LinuxLists.cc - [PATCH RFC 09/10] mm/hugetlb: Make hugetlb

2022-10-30 22:02:37

Subject: [PATCH RFC 09/10] mm/hugetlb: Make hugetlb_fault() RCU-safe

RCU makes sure the pte_t* won't go away from under us. Please refer to the
comment above huge_pte_offset() for more information.

Signed-off-by: Peter Xu <[email protected]>
---
mm/hugetlb.c | 6 +++++-
1 file changed, 5 insertions(+), 1 deletion(-)

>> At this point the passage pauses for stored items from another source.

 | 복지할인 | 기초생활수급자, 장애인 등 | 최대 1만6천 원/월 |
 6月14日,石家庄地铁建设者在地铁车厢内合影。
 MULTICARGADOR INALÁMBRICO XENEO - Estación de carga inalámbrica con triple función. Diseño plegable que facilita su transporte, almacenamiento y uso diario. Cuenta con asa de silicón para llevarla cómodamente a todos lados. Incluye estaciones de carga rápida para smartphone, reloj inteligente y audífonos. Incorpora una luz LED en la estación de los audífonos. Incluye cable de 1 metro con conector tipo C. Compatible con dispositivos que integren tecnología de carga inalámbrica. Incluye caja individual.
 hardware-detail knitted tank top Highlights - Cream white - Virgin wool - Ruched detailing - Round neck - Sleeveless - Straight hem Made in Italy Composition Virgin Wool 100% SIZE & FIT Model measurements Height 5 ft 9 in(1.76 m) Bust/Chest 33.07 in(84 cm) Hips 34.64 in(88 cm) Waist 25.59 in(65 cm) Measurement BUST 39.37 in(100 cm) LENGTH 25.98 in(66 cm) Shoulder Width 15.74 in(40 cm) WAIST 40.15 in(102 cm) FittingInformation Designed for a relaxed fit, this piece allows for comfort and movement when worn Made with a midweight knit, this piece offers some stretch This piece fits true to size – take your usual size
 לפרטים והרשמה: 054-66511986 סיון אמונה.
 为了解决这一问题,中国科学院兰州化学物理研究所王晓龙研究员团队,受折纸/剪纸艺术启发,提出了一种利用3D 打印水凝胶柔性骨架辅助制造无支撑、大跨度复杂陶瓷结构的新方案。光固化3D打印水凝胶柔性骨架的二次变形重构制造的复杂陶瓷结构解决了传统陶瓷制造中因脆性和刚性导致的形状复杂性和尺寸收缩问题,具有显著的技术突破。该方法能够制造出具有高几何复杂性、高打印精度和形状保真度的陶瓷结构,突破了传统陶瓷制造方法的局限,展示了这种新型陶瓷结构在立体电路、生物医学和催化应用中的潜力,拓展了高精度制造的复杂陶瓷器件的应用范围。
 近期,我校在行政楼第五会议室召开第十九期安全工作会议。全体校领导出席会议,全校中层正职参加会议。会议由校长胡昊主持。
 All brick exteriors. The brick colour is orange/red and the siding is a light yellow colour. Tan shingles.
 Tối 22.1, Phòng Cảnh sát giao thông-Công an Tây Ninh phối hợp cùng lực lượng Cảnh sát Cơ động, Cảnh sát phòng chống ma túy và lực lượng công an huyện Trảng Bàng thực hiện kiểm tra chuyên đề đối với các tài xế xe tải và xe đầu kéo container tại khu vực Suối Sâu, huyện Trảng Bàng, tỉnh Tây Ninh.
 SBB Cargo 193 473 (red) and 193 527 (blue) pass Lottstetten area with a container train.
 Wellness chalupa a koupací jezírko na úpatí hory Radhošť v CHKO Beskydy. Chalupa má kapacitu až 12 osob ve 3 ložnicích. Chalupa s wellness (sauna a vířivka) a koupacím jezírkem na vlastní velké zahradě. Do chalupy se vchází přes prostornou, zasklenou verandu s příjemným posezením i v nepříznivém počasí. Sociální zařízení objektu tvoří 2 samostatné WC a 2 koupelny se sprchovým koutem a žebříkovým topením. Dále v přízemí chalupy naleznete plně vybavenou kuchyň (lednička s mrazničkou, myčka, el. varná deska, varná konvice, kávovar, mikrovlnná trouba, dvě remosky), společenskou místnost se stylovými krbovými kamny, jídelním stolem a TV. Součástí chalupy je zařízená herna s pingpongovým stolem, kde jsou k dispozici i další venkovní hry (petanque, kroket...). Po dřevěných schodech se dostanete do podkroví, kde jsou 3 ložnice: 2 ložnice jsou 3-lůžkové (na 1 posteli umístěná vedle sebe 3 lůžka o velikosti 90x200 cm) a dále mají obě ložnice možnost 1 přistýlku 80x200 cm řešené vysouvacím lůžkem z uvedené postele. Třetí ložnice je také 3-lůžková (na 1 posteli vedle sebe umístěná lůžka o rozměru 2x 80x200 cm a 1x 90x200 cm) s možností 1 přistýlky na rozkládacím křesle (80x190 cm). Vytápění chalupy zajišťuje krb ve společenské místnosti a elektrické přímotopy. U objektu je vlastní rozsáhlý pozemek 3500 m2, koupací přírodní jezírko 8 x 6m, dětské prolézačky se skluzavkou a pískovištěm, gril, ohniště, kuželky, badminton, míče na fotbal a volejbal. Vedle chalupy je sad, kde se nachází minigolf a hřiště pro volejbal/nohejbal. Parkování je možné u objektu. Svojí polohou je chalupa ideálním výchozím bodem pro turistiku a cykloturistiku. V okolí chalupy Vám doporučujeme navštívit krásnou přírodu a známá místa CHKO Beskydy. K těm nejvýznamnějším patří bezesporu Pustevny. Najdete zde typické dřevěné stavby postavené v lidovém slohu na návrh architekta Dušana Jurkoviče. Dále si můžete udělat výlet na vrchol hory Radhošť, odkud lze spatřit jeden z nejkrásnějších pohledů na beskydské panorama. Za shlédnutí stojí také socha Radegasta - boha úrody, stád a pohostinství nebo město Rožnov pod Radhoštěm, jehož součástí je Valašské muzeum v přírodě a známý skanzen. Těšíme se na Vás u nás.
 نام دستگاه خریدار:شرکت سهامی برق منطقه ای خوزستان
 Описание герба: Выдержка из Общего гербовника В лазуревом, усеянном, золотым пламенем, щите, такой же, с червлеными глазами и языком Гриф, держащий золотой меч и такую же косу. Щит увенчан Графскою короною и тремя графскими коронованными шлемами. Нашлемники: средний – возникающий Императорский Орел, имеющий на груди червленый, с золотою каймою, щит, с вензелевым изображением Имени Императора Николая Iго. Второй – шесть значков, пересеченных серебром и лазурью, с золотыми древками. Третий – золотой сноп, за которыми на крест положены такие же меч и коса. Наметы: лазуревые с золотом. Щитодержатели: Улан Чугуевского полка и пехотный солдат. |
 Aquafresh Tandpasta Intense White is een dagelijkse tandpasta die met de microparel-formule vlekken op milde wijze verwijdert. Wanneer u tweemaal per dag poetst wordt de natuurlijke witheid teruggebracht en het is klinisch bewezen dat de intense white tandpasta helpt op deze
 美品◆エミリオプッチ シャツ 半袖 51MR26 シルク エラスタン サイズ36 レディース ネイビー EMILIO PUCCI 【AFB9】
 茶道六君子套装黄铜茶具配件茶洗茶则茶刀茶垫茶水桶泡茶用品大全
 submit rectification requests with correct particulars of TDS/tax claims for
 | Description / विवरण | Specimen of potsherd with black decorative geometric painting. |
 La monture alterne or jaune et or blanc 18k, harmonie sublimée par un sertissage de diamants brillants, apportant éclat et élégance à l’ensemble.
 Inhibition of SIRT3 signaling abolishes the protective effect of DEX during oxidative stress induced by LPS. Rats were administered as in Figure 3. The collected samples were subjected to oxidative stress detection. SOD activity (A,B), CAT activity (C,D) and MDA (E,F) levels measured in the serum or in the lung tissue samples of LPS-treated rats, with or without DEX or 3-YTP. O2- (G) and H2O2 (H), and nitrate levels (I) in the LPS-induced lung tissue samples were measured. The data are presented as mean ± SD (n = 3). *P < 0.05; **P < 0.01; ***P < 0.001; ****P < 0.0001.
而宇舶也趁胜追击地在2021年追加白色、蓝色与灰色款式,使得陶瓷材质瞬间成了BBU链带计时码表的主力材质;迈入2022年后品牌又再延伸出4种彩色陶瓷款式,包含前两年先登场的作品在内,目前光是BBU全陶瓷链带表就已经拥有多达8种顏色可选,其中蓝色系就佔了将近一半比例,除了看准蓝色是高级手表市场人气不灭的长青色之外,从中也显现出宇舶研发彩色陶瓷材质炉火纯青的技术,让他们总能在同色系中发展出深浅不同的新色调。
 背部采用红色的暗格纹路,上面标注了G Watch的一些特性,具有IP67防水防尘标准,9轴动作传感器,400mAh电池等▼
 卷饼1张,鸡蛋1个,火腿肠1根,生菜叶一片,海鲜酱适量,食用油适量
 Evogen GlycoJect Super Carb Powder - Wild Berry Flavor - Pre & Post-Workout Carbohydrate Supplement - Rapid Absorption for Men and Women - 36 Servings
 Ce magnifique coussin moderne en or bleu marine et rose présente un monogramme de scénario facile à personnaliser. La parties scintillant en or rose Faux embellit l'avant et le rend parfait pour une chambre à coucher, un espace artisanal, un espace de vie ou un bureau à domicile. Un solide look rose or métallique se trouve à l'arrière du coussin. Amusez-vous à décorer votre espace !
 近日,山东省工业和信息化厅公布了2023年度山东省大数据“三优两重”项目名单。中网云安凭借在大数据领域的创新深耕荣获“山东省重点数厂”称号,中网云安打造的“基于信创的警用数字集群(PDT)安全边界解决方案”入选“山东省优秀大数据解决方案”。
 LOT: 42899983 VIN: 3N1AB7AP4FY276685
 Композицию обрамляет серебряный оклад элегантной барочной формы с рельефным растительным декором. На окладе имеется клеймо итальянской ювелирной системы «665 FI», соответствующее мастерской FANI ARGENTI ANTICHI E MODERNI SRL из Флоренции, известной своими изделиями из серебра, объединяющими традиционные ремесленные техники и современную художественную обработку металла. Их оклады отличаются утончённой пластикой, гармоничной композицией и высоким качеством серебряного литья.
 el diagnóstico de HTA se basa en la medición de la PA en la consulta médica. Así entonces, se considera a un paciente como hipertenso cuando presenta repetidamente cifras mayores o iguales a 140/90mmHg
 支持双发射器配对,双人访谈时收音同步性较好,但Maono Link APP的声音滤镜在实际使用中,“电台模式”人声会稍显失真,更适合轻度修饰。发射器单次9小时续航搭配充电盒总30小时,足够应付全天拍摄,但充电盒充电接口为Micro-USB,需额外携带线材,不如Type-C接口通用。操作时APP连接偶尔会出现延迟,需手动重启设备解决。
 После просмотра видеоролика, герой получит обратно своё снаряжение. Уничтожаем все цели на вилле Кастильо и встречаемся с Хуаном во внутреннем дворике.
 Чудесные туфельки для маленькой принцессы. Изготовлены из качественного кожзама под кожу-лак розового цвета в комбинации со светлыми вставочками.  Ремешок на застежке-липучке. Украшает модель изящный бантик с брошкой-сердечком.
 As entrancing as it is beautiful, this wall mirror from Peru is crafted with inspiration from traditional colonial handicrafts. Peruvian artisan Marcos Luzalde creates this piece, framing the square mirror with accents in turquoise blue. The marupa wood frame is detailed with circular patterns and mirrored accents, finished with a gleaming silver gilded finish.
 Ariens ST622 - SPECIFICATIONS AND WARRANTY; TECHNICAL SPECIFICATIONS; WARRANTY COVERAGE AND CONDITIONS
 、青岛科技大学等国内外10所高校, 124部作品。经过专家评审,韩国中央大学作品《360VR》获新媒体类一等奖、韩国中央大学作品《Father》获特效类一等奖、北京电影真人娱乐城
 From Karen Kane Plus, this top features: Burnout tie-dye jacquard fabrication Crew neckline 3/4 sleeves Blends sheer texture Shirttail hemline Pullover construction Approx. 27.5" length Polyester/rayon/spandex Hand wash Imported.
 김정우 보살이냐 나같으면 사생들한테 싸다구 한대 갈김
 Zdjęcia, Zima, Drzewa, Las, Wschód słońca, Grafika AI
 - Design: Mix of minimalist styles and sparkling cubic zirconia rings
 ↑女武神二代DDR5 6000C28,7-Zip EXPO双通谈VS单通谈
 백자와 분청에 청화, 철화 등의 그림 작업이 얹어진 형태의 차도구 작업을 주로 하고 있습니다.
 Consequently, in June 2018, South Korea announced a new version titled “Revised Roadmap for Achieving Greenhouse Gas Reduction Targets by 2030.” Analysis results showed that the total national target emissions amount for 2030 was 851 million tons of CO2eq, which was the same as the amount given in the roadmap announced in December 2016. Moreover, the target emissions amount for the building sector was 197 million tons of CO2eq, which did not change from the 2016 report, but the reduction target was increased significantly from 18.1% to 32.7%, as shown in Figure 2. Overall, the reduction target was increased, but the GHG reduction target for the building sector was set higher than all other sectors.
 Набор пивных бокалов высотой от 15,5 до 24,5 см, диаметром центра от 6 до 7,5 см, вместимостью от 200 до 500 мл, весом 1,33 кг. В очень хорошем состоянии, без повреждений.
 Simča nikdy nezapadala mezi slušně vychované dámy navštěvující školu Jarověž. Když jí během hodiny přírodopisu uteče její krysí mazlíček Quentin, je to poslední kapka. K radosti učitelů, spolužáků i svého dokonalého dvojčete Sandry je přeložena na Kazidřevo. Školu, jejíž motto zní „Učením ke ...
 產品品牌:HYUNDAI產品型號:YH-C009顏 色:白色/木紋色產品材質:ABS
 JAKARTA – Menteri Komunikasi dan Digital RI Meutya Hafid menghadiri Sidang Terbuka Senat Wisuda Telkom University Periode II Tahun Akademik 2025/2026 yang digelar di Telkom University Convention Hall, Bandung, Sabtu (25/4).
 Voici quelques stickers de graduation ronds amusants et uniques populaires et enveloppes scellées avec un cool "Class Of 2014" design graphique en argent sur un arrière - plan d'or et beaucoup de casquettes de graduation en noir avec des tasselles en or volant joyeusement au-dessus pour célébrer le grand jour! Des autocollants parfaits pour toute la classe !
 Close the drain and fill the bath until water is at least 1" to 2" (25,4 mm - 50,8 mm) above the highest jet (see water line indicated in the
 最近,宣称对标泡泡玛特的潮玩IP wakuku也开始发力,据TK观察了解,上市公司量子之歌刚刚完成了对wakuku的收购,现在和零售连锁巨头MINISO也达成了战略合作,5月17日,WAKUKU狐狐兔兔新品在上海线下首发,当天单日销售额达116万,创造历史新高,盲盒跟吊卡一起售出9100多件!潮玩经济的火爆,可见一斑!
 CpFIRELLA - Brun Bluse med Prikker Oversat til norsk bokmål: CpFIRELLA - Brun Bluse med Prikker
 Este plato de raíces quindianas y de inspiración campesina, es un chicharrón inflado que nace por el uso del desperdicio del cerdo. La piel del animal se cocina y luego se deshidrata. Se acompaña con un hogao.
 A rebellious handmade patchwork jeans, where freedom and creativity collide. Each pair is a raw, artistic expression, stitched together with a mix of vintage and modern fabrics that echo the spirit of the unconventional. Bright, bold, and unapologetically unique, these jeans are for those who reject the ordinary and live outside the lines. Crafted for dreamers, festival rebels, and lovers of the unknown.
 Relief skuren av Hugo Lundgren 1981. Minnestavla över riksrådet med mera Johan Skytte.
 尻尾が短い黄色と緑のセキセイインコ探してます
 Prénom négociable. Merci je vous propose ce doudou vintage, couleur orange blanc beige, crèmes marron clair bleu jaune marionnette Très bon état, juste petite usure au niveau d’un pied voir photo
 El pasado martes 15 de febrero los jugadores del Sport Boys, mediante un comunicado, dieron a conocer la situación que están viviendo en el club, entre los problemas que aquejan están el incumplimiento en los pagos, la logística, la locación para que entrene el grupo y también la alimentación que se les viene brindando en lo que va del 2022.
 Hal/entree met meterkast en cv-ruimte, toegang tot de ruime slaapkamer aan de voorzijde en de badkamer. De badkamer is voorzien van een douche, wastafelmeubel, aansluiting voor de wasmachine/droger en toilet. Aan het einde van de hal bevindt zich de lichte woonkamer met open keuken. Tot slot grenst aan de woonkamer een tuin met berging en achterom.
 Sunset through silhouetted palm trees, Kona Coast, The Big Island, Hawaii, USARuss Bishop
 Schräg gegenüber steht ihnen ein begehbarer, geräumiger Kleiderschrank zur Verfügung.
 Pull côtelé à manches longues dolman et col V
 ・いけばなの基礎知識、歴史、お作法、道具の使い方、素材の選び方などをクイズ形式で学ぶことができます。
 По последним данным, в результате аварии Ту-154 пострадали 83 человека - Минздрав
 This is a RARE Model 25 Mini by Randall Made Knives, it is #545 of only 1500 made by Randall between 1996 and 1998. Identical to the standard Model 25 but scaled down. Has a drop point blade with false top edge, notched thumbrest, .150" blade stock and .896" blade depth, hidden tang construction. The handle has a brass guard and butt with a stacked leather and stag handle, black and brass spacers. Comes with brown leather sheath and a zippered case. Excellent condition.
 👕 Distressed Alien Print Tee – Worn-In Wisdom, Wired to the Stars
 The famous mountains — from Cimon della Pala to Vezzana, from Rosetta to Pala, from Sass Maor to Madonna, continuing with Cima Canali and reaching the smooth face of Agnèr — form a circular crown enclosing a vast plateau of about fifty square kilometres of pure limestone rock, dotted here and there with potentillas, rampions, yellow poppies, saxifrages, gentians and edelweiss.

diff --git a/mm/hugetlb.c b/mm/hugetlb.c
index 5dc87e4e6780..6d336d286394 100644
--- a/mm/hugetlb.c
+++ b/mm/hugetlb.c
@@ -5822,6 +5822,8 @@ vm_fault_t hugetlb_fault(struct mm_struct *mm, struct vm_area_struct *vma,
int need_wait_lock = 0;
unsigned long haddr = address & huge_page_mask(h);

+ /* For huge_pte_offset() */
+ rcu_read_lock();
ptep = huge_pte_offset(mm, haddr, huge_page_size(h));
if (ptep) {
/*
@@ -5830,13 +5832,15 @@ vm_fault_t hugetlb_fault(struct mm_struct *mm, struct vm_area_struct *vma,
* not actually modifying content here.
*/
entry = huge_ptep_get(ptep);
+ rcu_read_unlock();
if (unlikely(is_hugetlb_entry_migration(entry))) {
migration_entry_wait_huge(vma, ptep);
return 0;
} else if (unlikely(is_hugetlb_entry_hwpoisoned(entry)))
return VM_FAULT_HWPOISON_LARGE |
VM_FAULT_SET_HINDEX(hstate_index(h));
- }
+ } else
+ rcu_read_unlock();

/*
* Serialize hugepage allocation and instantiation, so that we don't
--
2.37.3

2022-11-02 19:16:20

by James Houghton

[permalink] [raw]

Subject: Re: [PATCH RFC 09/10] mm/hugetlb: Make hugetlb_fault() RCU-safe

On Sun, Oct 30, 2022 at 2:30 PM Peter Xu <[email protected]> wrote:
>
> RCU makes sure the pte_t* won't go away from under us. Please refer to the
> comment above huge_pte_offset() for more information.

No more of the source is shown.